Tribal groups in Arunachal Pradesh have opposed the state government’s plan to repeal the anti-conversion law (Arunachal Pradesh Freedom of Religion Act) passed in 1978, The Hindu has reported.
Addressing a gathering at a function organised by the Arunachal Pradesh Catholic Association on Tuesday, Chief Minister Pema Khandu, who leads the Bharatiya Janata Party government in the state, said the anti-conversion law “undermines secularism and is targetted towards the Christians”.
According to the report, the groups have said that the law is important as it plays a vital role in safeguarding traditional belief systems and local cultures.
At least two tribal outfits in the state, the Indigenous Faith and Cultural Society of Arunachal Pradesh and the Nyishi Indigenous Faiths and Cultural Society, have said that the government’s move is an attempt at “minority appeasement and detrimental to the growth of indigenous people of the State”.

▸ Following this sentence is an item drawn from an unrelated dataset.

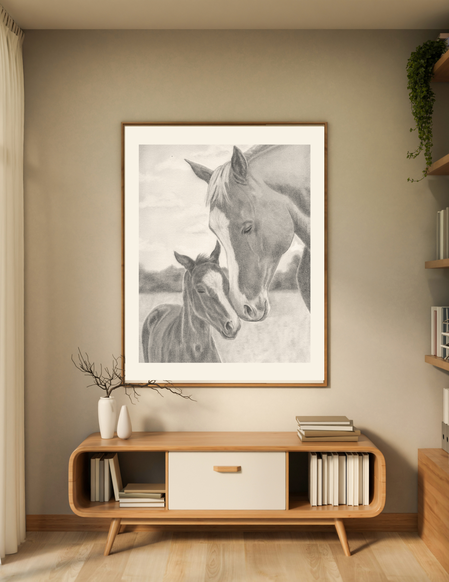 A print of my original graphite pencil drawing of a mare and her foal, created with patience and attention to every detail. This piece reflects the beauty of connection and calm found in nature, perfect for those who love horses, western themes, or meaningful artwork.

According to these groups, the growth of Christianity in the State - from being non-existent in 1951 to being the largest religious group at 30.26 per cent in 2011 - has been at the expense of the followers of indigenous faiths.
“We condemn the statement of the Chief Minister as the anti-conversion law, if repealed, would threaten the indigenous culture of the State. There is also the apprehension among the people that the Chief Minister is bringing the denizens of Arunachal Pradesh under the minority or general category and stripping the special privileges which we have been enjoying as Scheduled Tribes,” IFCSAP general secretary, Bai Taba, was quoted by The Hindu as saying.